*Problem description:*
Look for the line containing "Creeping Inch Plant" and the line containing "Galega officinalis is" in the entries below. Copy those two and all lines between them exactly, leaving out pictures.

──────

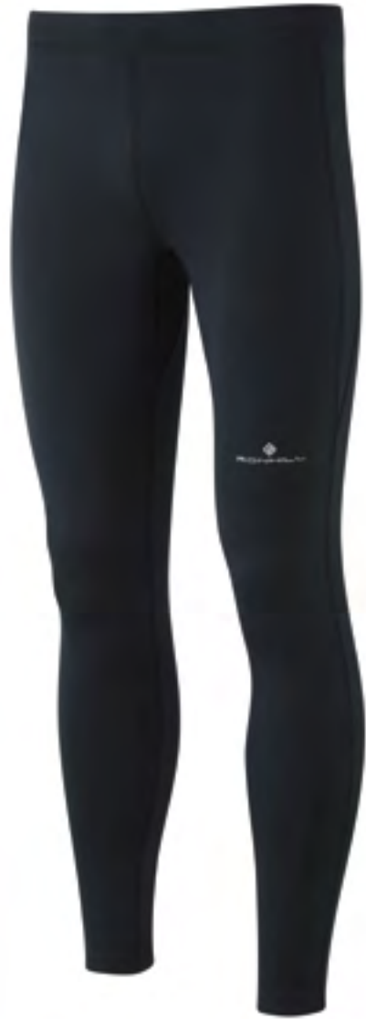
R009 All Black
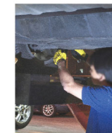
Full Height (1862 mm) for Stand-up Comfort during Alignment
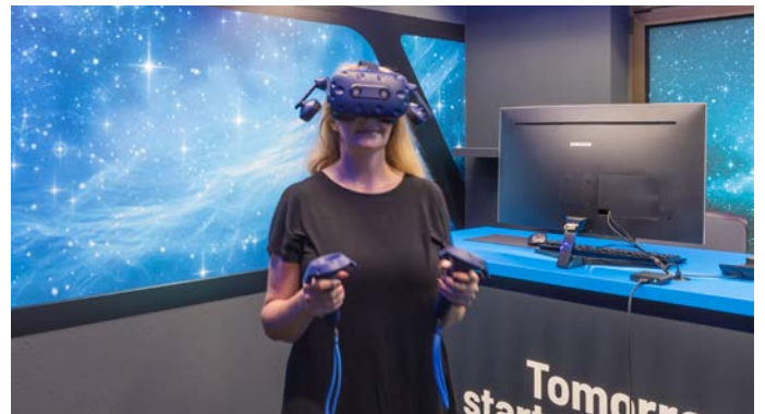
Experience the analysis of your 3D LaserScan with VR glasses.

The 3D LaserScan-analysis sets new standards for the wear analysis, project planning and during any other phase of your repair.
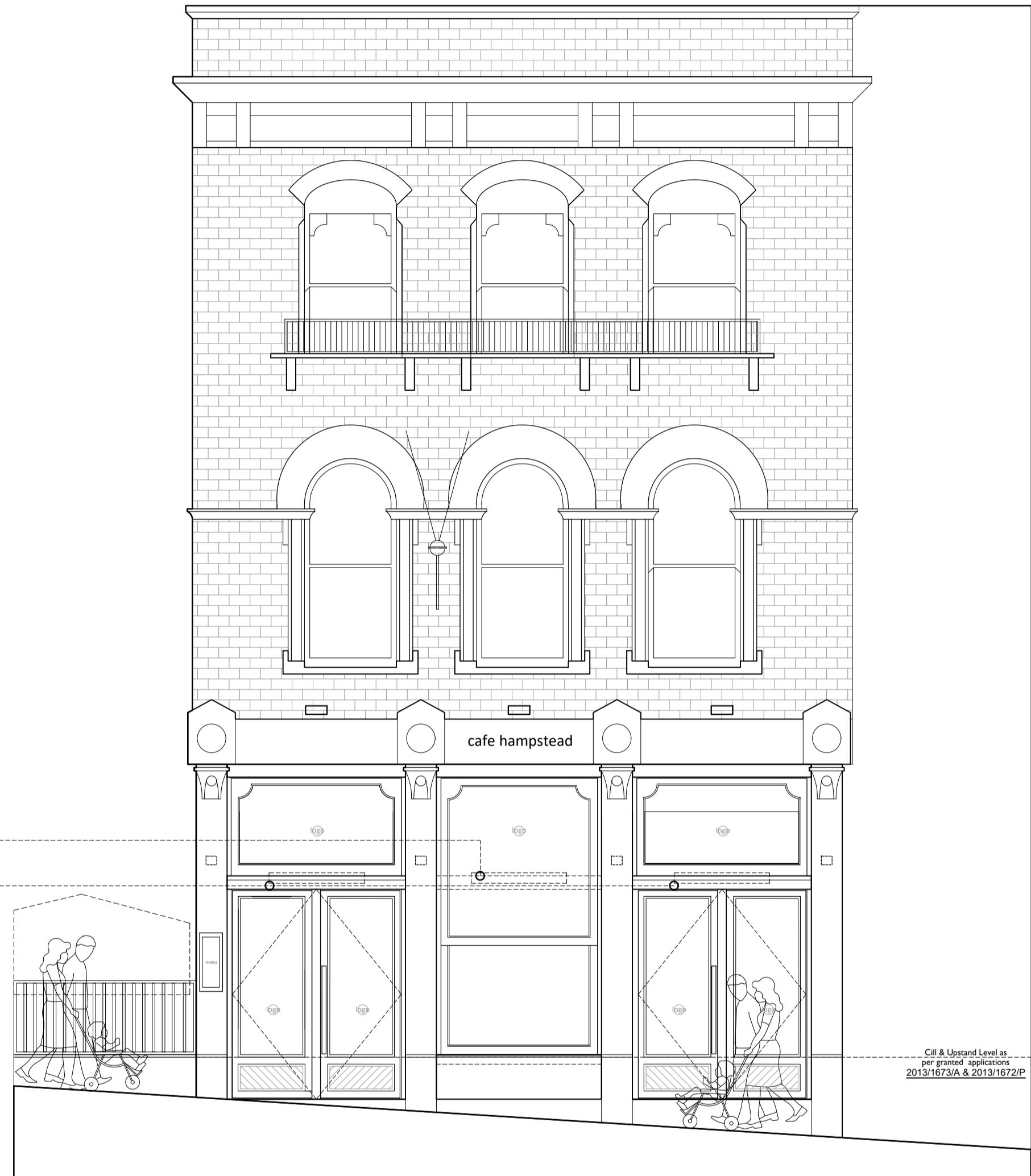
0m 0.5m 1m 2m existing elevation to rosslyn hill 2013/1673/A & 2013/1672/P
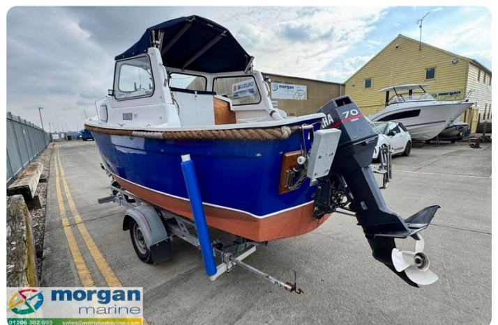
Hardy PH 17 - engine
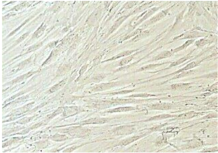
Figure 1. Homogenous monolayer of BM MSC culture
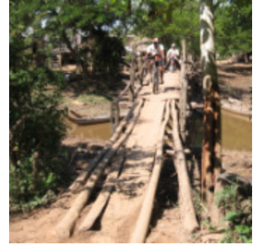
love those narrow bridges
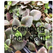
Creeping Inch Plant
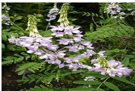
Galega officinalis is a natural source of galegine.

The biguanide class of antidiabetic medications, which also includes the withdrawn agents phenformin and buformin, originates from the plant Goat's rue ( Galega officinalis ) also known as Galega, French lilac, Italian fitch, Spanish sainfoin, Pestilenzkraut, or Professor-weed. (The plant should not be confused with plants in the genus Tephrosia which are highly toxic and sometimes also called Goat's rue.) Galega officinalis has been used in folk medicine for several centuries. [149] G. officinalis itself does not contain biguanide medications which are chemically synthesized compounds composed of two guanidine molecules and designed to be less toxic than the plant-derived parent compounds guanidine and galegine (isoamylene guanidine). [149]

──────

*Your solution:*
Creeping Inch Plant
Galega officinalis is a natural source of galegine.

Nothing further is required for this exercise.